= Radial tree =

Mathematical tree on concentric circles

Example of a radial tree, from a 1924 organization chart that emphasizes a central authority

A radial tree, or radial map, is a method of displaying a tree structure (e.g., a tree data structure) in a way that expands outwards, radially. It is one of many ways to visually display a tree, with examples dating back to the early 20th century. In use, it is a type of information graphic.

Radial vs. triangular tree layout

== Basic layout ==

Schematic radial tree

The overall distance "d" is the distance between levels of the graph. It is chosen so that the overall layout will fit within a screen. Layouts are generated by working outward from the center, root. The first level is a special case because all the nodes have the same parent. The nodes for level 1 can be distributed evenly, or weighted depending on the number of children they have. For subsequent levels, the children are positioned within sectors of the remaining space, so that child nodes of one parent do not overlap with others.

There are many extensions to this algorithm to create more visually balanced layouts, to allow users to navigate from node to node (changing the center), or accommodate node labels and combine force-directed layouts with radial layouts.

The layout has some similarities to a hyperbolic tree, though a key difference is that hyperbolic trees are based on hyperbolic geometry, whereas in a radial tree the distance between orbits is relatively linear.

== Comparison to other layouts ==
In a simple case, the first node is at the top, and the linked nodes are beneath. As each node typically has more than one child, the resulting shape is relatively triangular. In a radial layout, instead of each successive generation being displayed a row below, each generation is displayed in a new, outer orbit.

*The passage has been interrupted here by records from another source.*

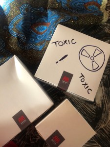 The goods were delivered to my door in a lovely reusable bag and then I howled with laughter. The Bastard had obliged with the โToxic โlabelsโฆ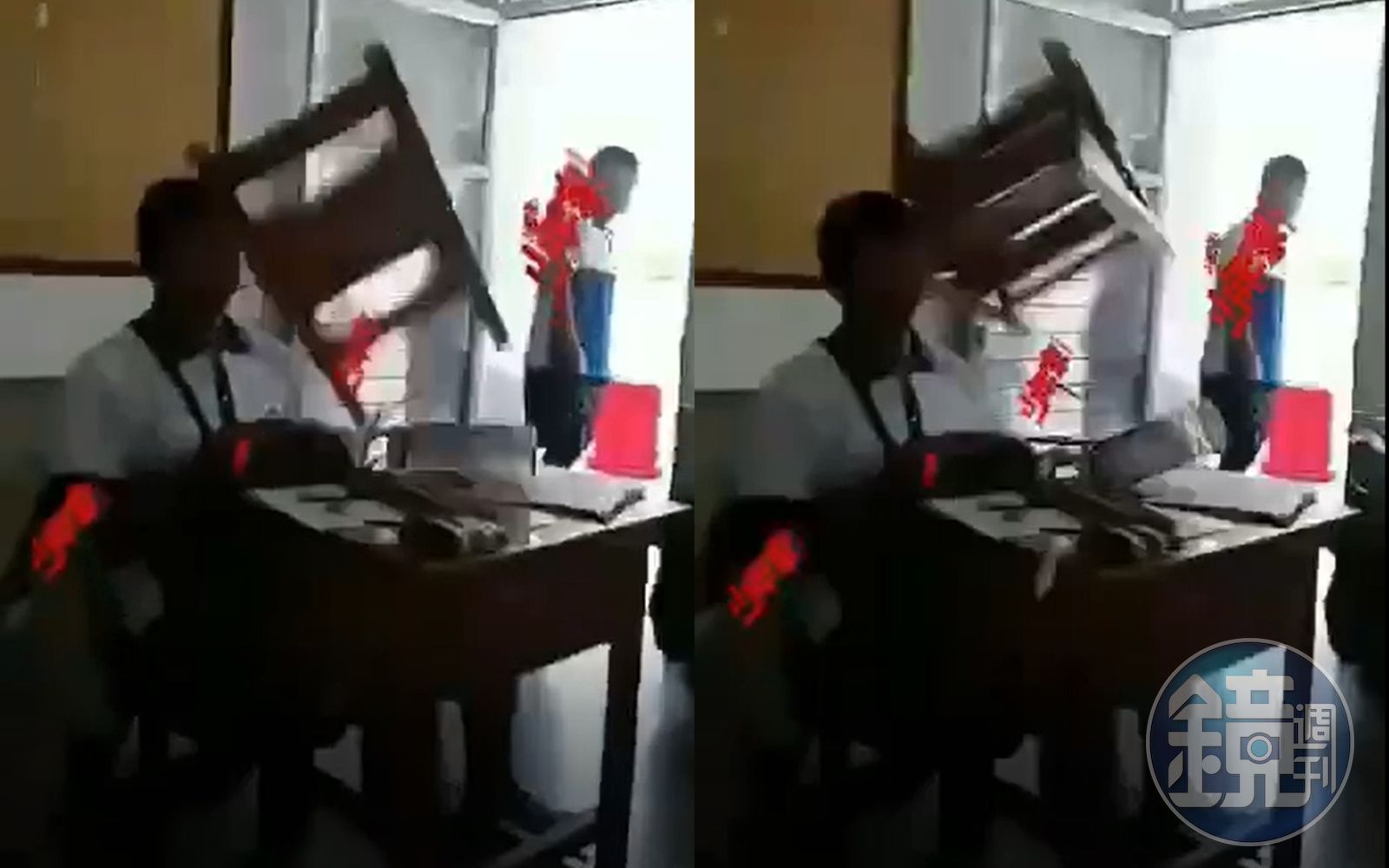 另段影片則顯示,同名男同學原本想遠離衝突現場,走到教室走廊外,結果被一名身材壯碩的同學硬是要拽回教室內,男同學抱著教室門口不從,就被同學以右勾拳暴打頭部,而教室內多名同學依然看戲般,還對著鏡頭跳舞,足見班級上對這名男學長期霸凌的互動。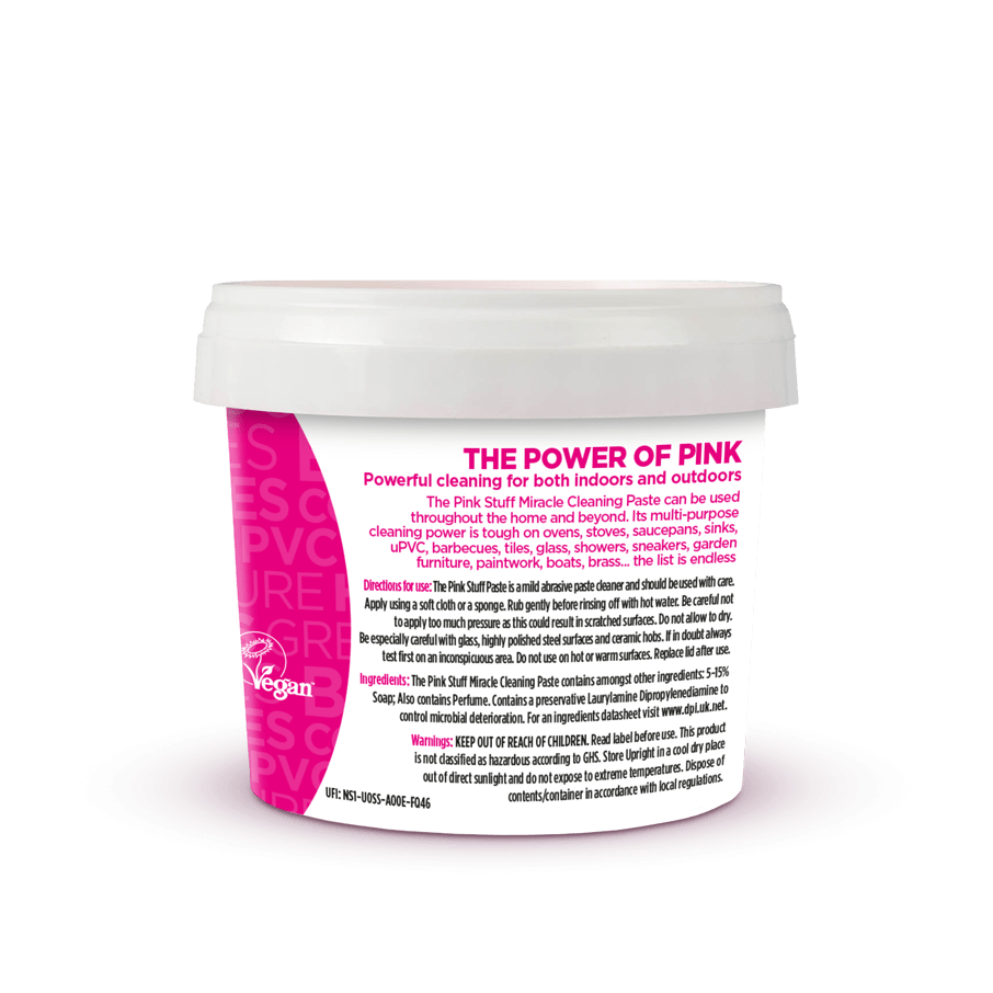 The Pink Stuff Miracle Cleaning Paste is perfect for cleaning dirt, grime and stains on saucepans, cooker tops, sinks, uPVC, barbecues, ceramic tiles, glass, showers, garden furniture, paintwork, boats and brass… the list is endless.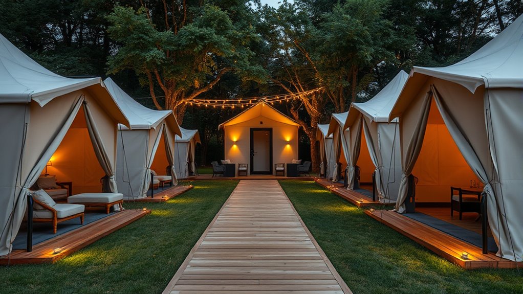Ever wondered how luxury camping redefines outdoor comfort? When you step into an upscale campground, it’s clear that every detail is designed to elevate your experience. One of the defining features is the thoughtful integration of glamping accessories that blend seamlessly with the natural surroundings. These accessories, from plush bedding to stylish lighting, aren’t just about aesthetics—they enhance your comfort and make your stay memorable. Many of these items are crafted from eco-friendly materials, reflecting a commitment to sustainability without sacrificing style. By choosing eco-conscious options like organic cotton linens, biodegradable tableware, and reclaimed wood furniture, the campgrounds demonstrate respect for the environment while maintaining a refined look. It’s this attention to eco-friendly materials that sets upscale campgrounds apart; they focus on reducing environmental impact while offering luxurious amenities.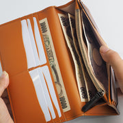 | A glossy gradation produced by hand polishing is attractive A long wallet that feels like high quality cowhide leather. |
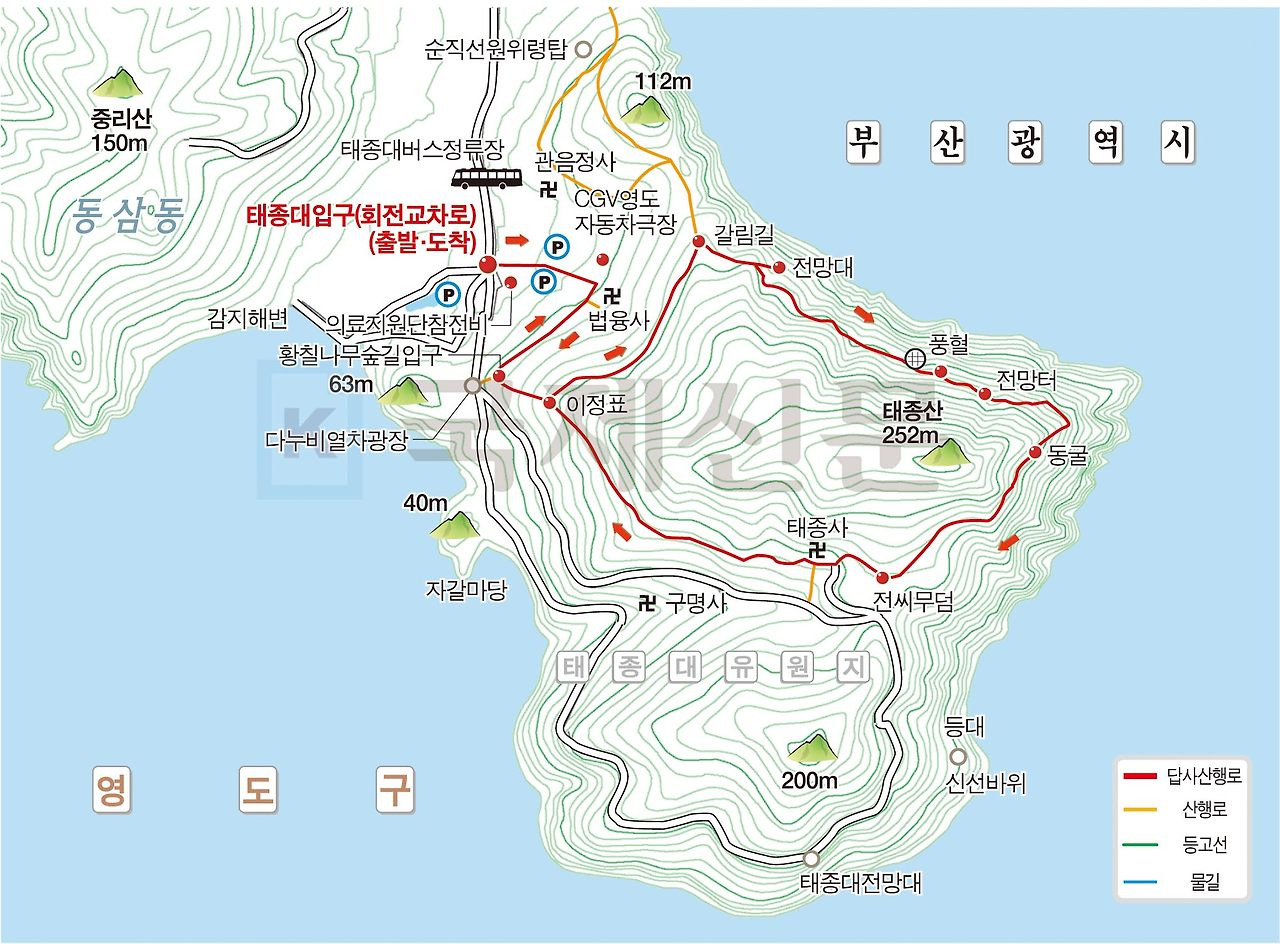 산행코스:태종대(주차장)-태종대(입구)-순환도로-자연보호비-남항조망지-태종대(전망대)-신선바위-등대-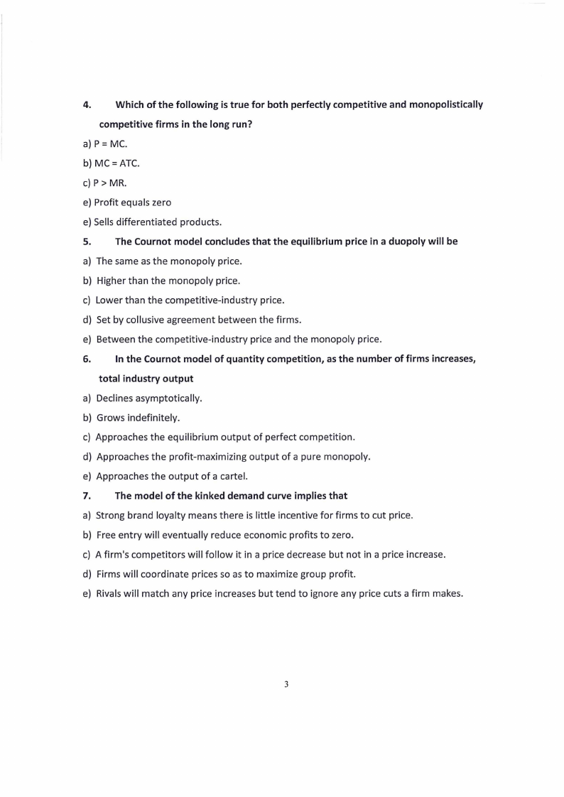The Cournot model concludesthat the equilibrium price in a duopoly will be

Since the length of each orbit increases with the radius, there tends to be more room for the nodes. A radial tree will spread the larger number of nodes over a larger area as the levels increase. We use the terms level and depth interchangeably. Nevertheless, the number of nodes increases exponentially with the distance from the first node, whereas the circumference of each orbit increases linearly, so, by the outer orbits, the nodes tend to be packed together.

== Examples ==
- MindManager and MindMapper are mindmapping systems, which can make radial-like layouts, though are not radial beyond the 2nd level.
- SpicyNodes was an approach to visualizing hierarchies, which allows moving from node to node.